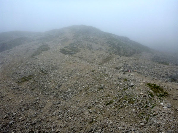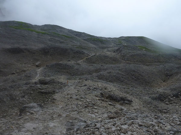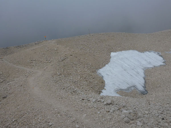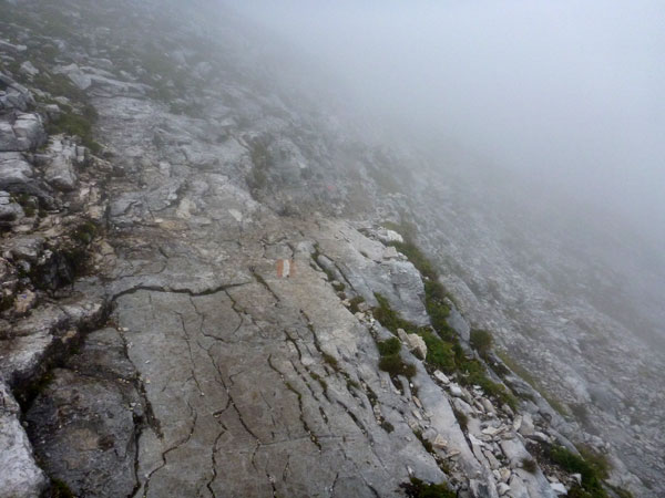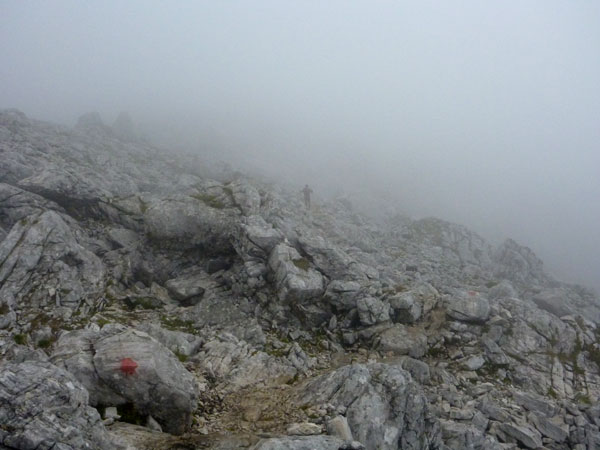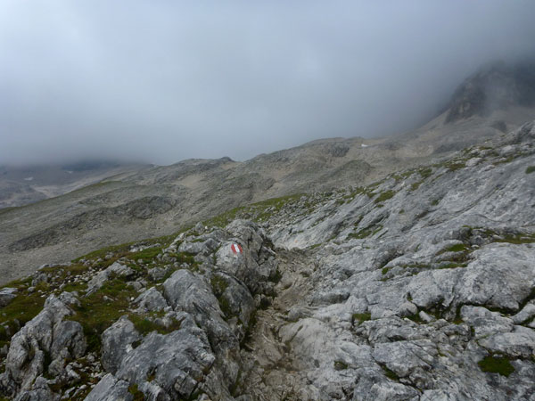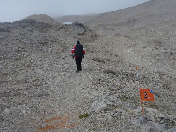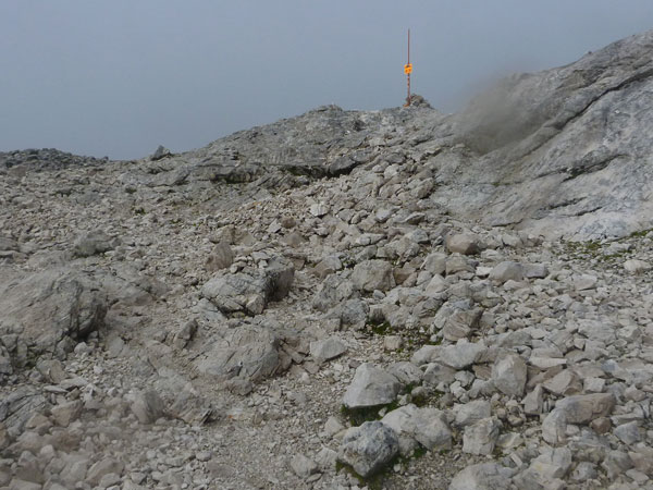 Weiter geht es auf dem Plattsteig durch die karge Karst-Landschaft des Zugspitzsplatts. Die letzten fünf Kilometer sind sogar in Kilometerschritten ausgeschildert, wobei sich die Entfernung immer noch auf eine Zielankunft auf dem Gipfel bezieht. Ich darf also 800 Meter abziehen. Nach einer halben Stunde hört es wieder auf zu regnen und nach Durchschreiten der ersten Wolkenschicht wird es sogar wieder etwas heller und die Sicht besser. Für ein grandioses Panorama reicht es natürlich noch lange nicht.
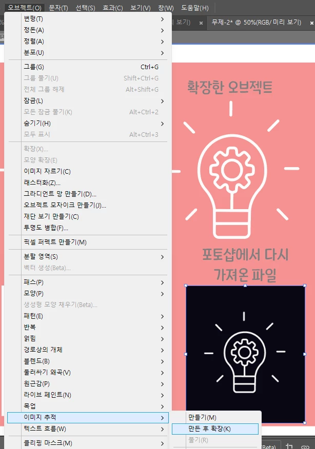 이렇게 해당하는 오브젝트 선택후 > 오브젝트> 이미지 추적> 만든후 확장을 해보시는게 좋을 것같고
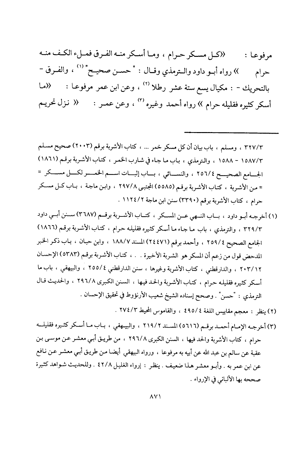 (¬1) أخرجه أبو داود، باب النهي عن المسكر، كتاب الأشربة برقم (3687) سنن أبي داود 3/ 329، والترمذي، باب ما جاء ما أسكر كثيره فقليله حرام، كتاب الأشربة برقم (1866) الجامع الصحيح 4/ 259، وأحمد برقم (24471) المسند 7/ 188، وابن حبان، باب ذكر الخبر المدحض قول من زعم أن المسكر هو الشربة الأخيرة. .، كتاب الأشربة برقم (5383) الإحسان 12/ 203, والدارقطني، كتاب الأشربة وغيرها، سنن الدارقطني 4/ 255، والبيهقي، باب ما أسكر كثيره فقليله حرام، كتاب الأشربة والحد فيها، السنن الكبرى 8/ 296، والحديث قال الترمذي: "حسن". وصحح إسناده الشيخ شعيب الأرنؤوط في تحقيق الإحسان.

Exercise details —
What is needed is every line of the data above, set down exactly but with the images left out.

Solution —
 Weiter geht es auf dem Plattsteig durch die karge Karst-Landschaft des Zugspitzsplatts. Die letzten fünf Kilometer sind sogar in Kilometerschritten ausgeschildert, wobei sich die Entfernung immer noch auf eine Zielankunft auf dem Gipfel bezieht. Ich darf also 800 Meter abziehen. Nach einer halben Stunde hört es wieder auf zu regnen und nach Durchschreiten der ersten Wolkenschicht wird es sogar wieder etwas heller und die Sicht besser. Für ein grandioses Panorama reicht es natürlich noch lange nicht.
 이렇게 해당하는 오브젝트 선택후 > 오브젝트> 이미지 추적> 만든후 확장을 해보시는게 좋을 것같고
 (¬1) أخرجه أبو داود، باب النهي عن المسكر، كتاب الأشربة برقم (3687) سنن أبي داود 3/ 329، والترمذي، باب ما جاء ما أسكر كثيره فقليله حرام، كتاب الأشربة برقم (1866) الجامع الصحيح 4/ 259، وأحمد برقم (24471) المسند 7/ 188، وابن حبان، باب ذكر الخبر المدحض قول من زعم أن المسكر هو الشربة الأخيرة. .، كتاب الأشربة برقم (5383) الإحسان 12/ 203, والدارقطني، كتاب الأشربة وغيرها، سنن الدارقطني 4/ 255، والبيهقي، باب ما أسكر كثيره فقليله حرام، كتاب الأشربة والحد فيها، السنن الكبرى 8/ 296، والحديث قال الترمذي: "حسن". وصحح إسناده الشيخ شعيب الأرنؤوط في تحقيق الإحسان.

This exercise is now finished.